Information provided section start

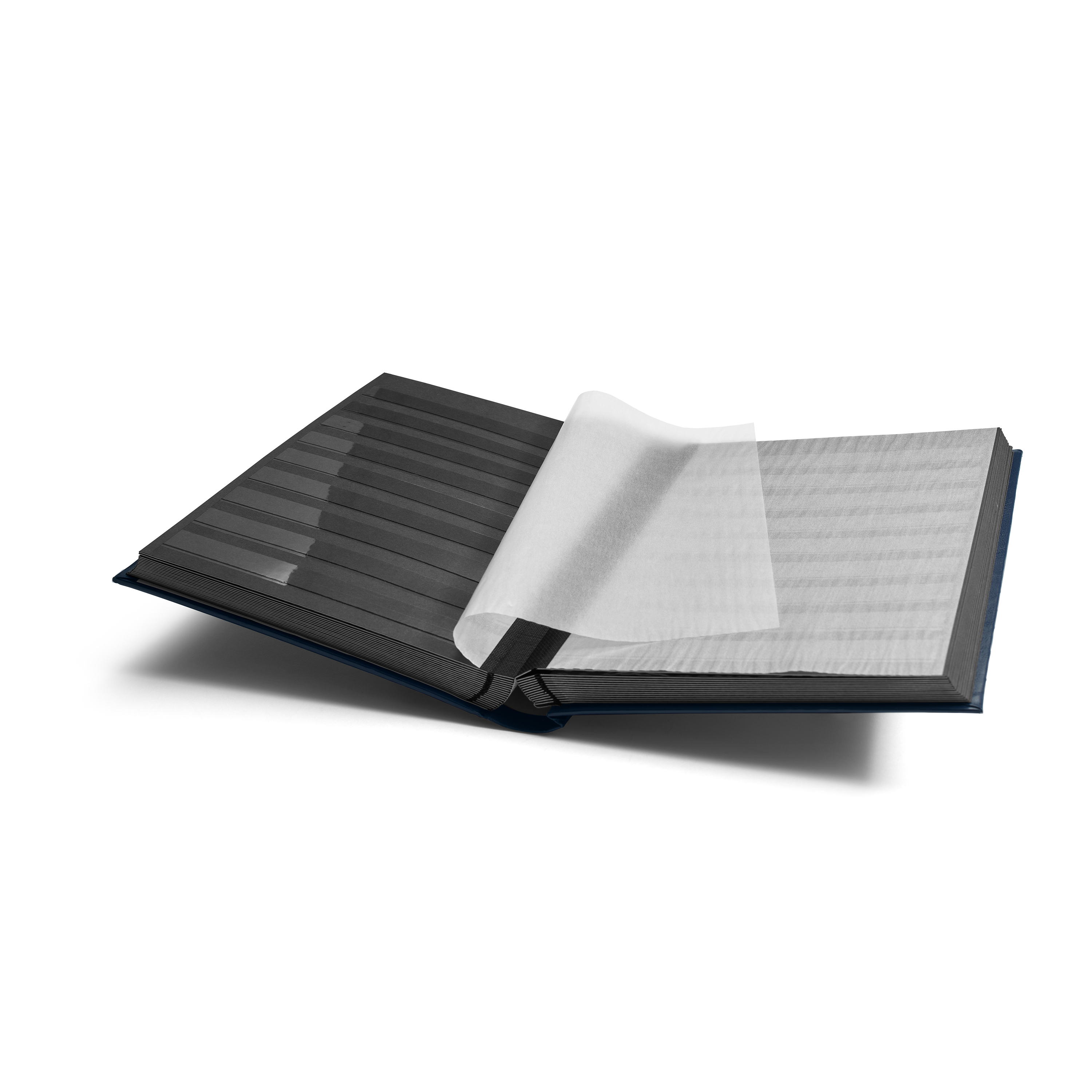 COMFORT Einsteckbuch A4, 64 schwarze Seiten, wattierter Einband, 9 Klarsichtstreifen pro Seite, Zwischenblätter doppelt, Doppel-Gelenk-Bindung.
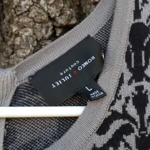 It's a cute grey & black fleur de lis sweater dress by Romeo & Juliet Couture in size large.
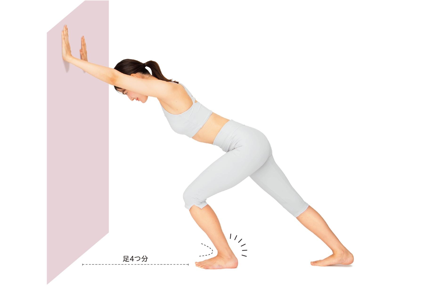 (1)壁から足4つ分離れた位置に左足を置き、壁に両手をついて右脚を後ろに伸ばす。左足のかかとを床から離さずに左膝を曲げて両足首を背屈させ5秒キープ。
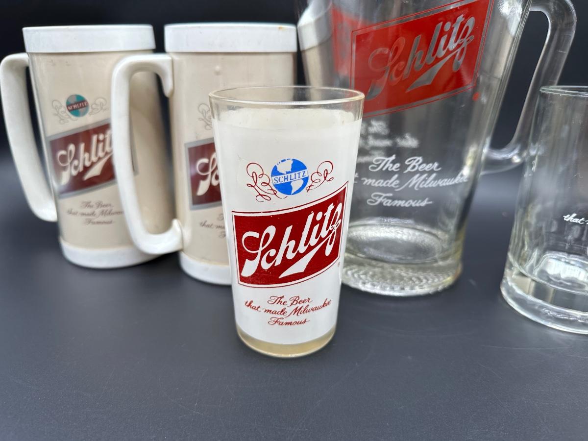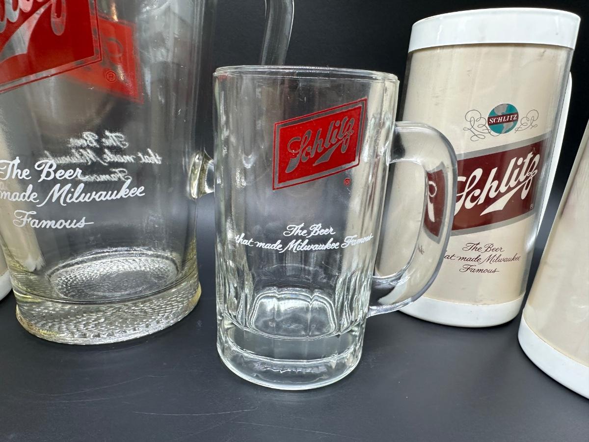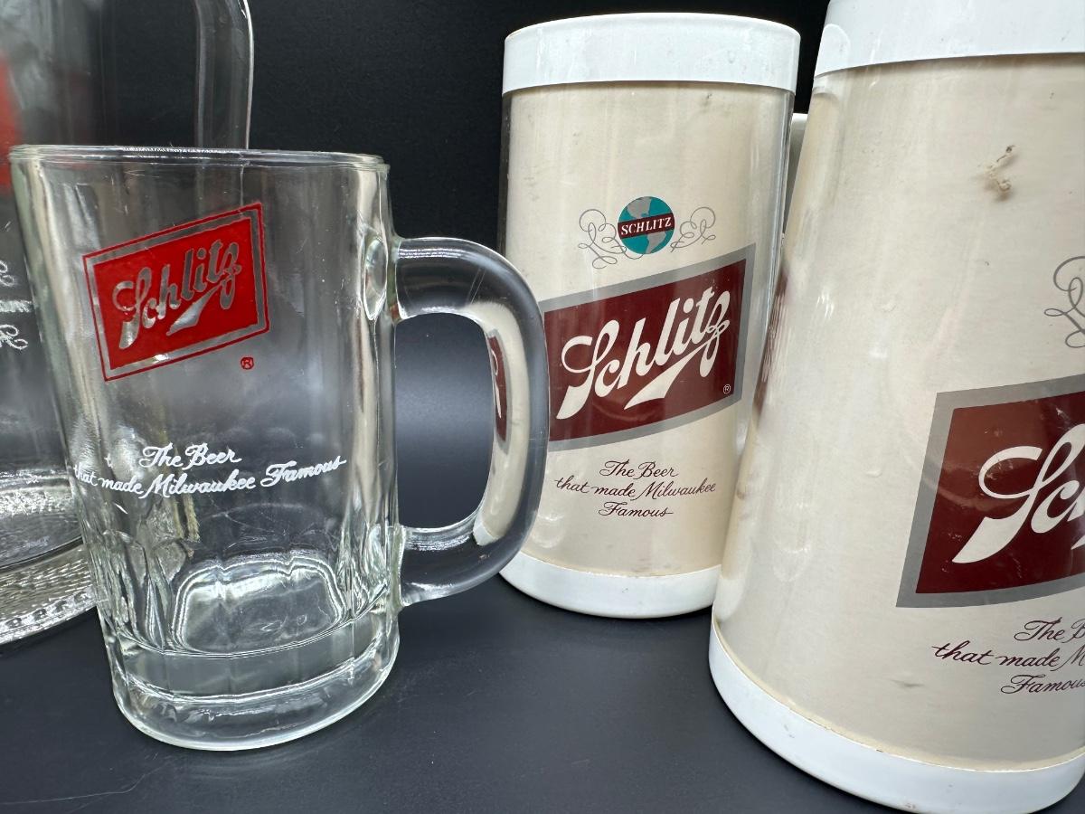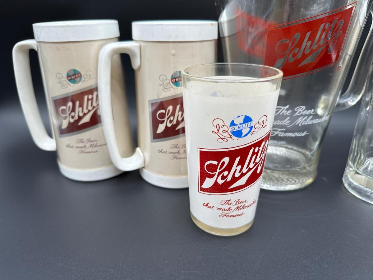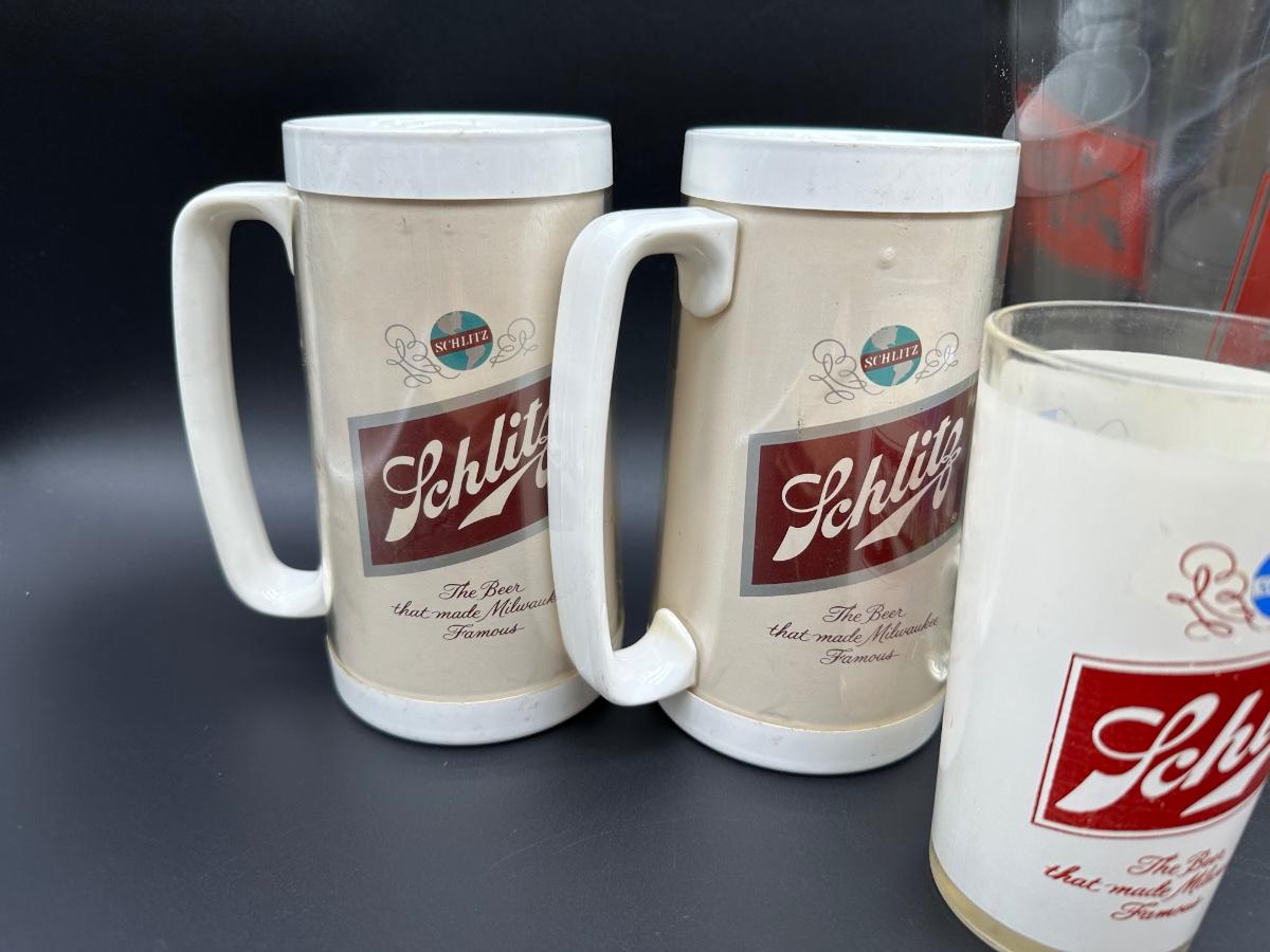 Vintage Schlitz Beer Barware Lot – Pitcher, Glass Mug, Tumblers & Plastic Steins

Information provided section end

Print the data above in full and exactly as it appears, skipping the pictures.

* Answer *
 COMFORT Einsteckbuch A4, 64 schwarze Seiten, wattierter Einband, 9 Klarsichtstreifen pro Seite, Zwischenblätter doppelt, Doppel-Gelenk-Bindung.
 It's a cute grey & black fleur de lis sweater dress by Romeo & Juliet Couture in size large.
 (1)壁から足4つ分離れた位置に左足を置き、壁に両手をついて右脚を後ろに伸ばす。左足のかかとを床から離さずに左膝を曲げて両足首を背屈させ5秒キープ。
 Vintage Schlitz Beer Barware Lot – Pitcher, Glass Mug, Tumblers & Plastic Steins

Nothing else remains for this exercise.